The article says that Millennials respond to three major themes: Transparency, experience over possessions and flexibility. They cite examples such as:

  • Everlane, an online clothing manufacturer offering “radical transparency” by disclosing both the conditions under which each garment is made and the profit being earned;
  • A large company, ConAgra, has succeeded in growing sales by eliminating all artificial ingredients from its snack and ready meals;
  • Airbnb is the classic example of enabling more experiences through both reducing the price of stays and selling experience-oriented programs;
  • AllyBank has offered flexibility with checking accounts that have no minimum balances and no fees;
  • Carmakers are experimenting with subscription services, rather than ownership—another example of increasing flexibility even in a durable goods category.

Are apartment marketers making the mistake of overblowing the differences?

According to my 23-year-old, daughter, Erika, who attends grad school at Rutgers, she agrees with The Economist’s more subtle descriptions. Her full response:

Transparency, experience over things and flexibility resonate with me.

Transparency is a big one; Millennials as a group are cynical and can tell when companies are pandering. Another big thing related to that is Millennials don’t like conducting conversations over the phone. We want to be able to do as much online as possible and write things out instead of talking. There are a lot of Millennial memes about “successfully avoiding human interaction” as much as possible; it’s why things like iPads at restaurants where you can order food without talking to waiters are big hits. The equivalent in the apartment industry is having online systems for leasing, paying rent, making maintenance requests, purchasing amenities, etc.

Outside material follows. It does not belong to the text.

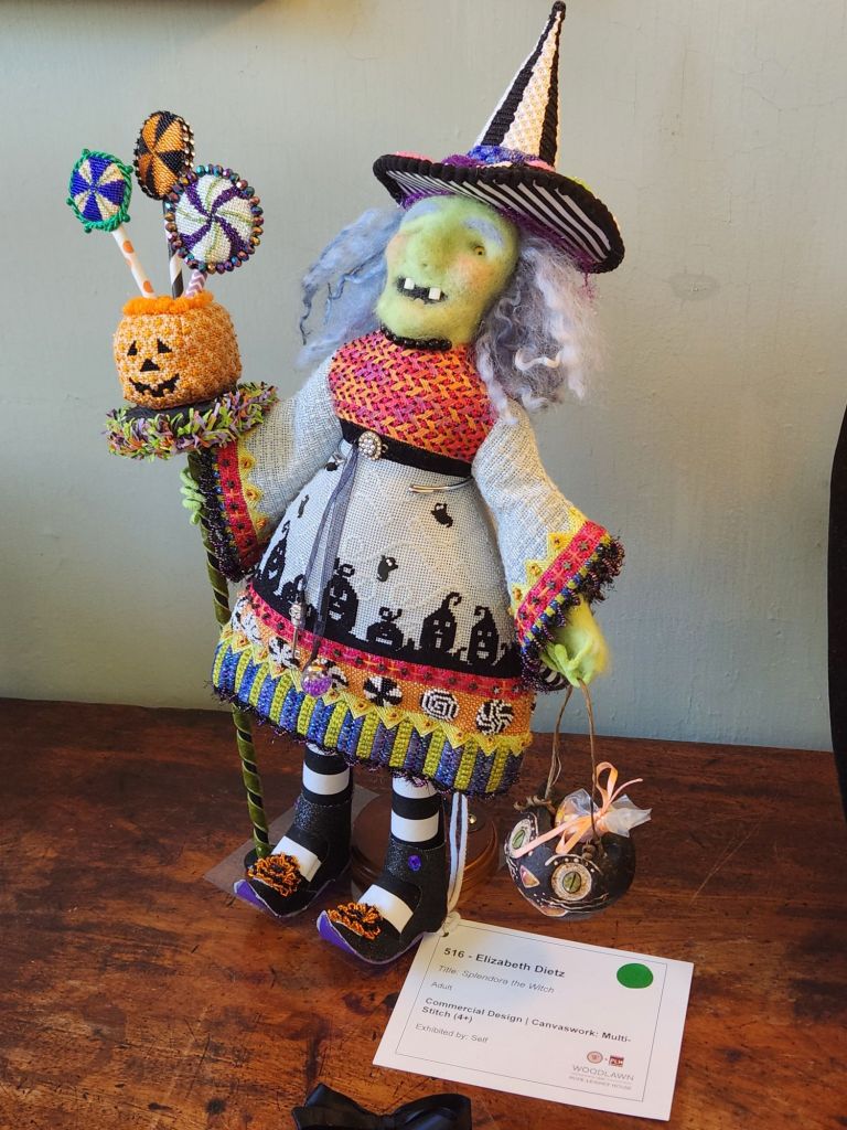 I already discussed several pieces in my previous post (https://melitastitches4fun.com/2024/03/07/fireside-sampler-at-woodlawns-61st-annual-needlework-exhibit-2024/), and they did not disappoint, especially Deborah Merrick-Wilson’s goldwork (original designs, so I won’t show photos).

I'm not sure if “experience over things” is a universally Millennial value or just one among its more affluent members, but I think it is valid among my circles, at least. Generally, Millennials are more practical and would value, say, a well-made and reliable car over something super flashy. But that is a belief that is valid for anyone who is reasonably well-off but not wealthy, regardless of their age. Millennials mostly have this mindset because we are young and most of us are not wealthy. You do hear about Millennials “killing the diamond industry,” which ties into all three of these things. We recognize that diamonds are kind of a farce and there is questionable ethics around their mining and production (low transparency); we can’t really afford expensive jewelry anyway (low flexibility); and we feel that, because zirconium looks the same anyway, why not get that and instead spend the money on a nice honeymoon or invest it toward a house so we can have a more comfortable life (experience over things).

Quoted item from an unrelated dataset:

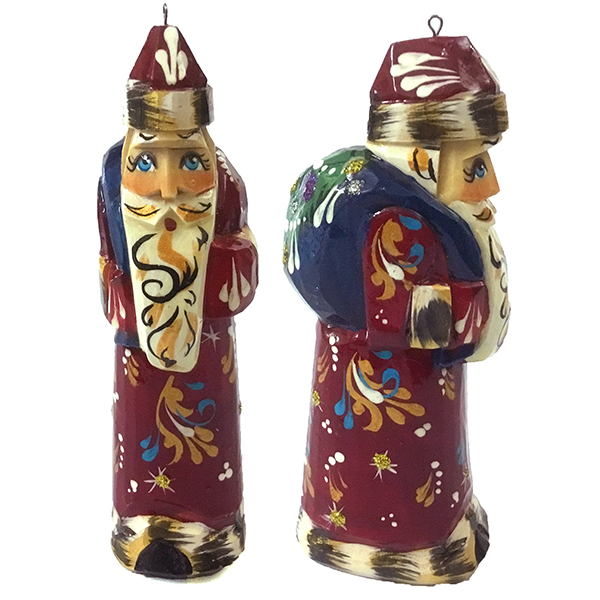 Новорічна іграшка для ялинки ручної роботи з дерева з художнім розписом 'Дід Мороз'.

In The Economist article, a failed marketing example given is when MillerCoors tried to sell to Millennials by creating TwoHats, a light-flavored fruity brew they said would appeal to Millennials taste and budget with the tagline, “Good, cheap beer. Wait, what?” Replies my daughter:

Good beer that isn’t expensive is definitely a product that would appeal to Millennials. The advertisement isn’t effective because Millennials don't like the feeling that we are being told what to think/how to react (“wait, what?”) If you're telling us what our reaction should be, you probably aren't actually eliciting that reaction, and it feels disingenuous and pandering to boot. ‘Good cheap beer’ is, in our experience, something that doesn't exist, so we are immediately skeptical because we are a cynical bunch. The solution to that is to convey how and why your beer is both good and cheap. Increase transparency. What is different about your beer that lets you sell it at a lower price, but still have it taste good? We want to know what that is before we believe that it is both good and cheap. Maybe the actual reason isn't at all sexy but then it's the marketer's job to figure out how to sex it up.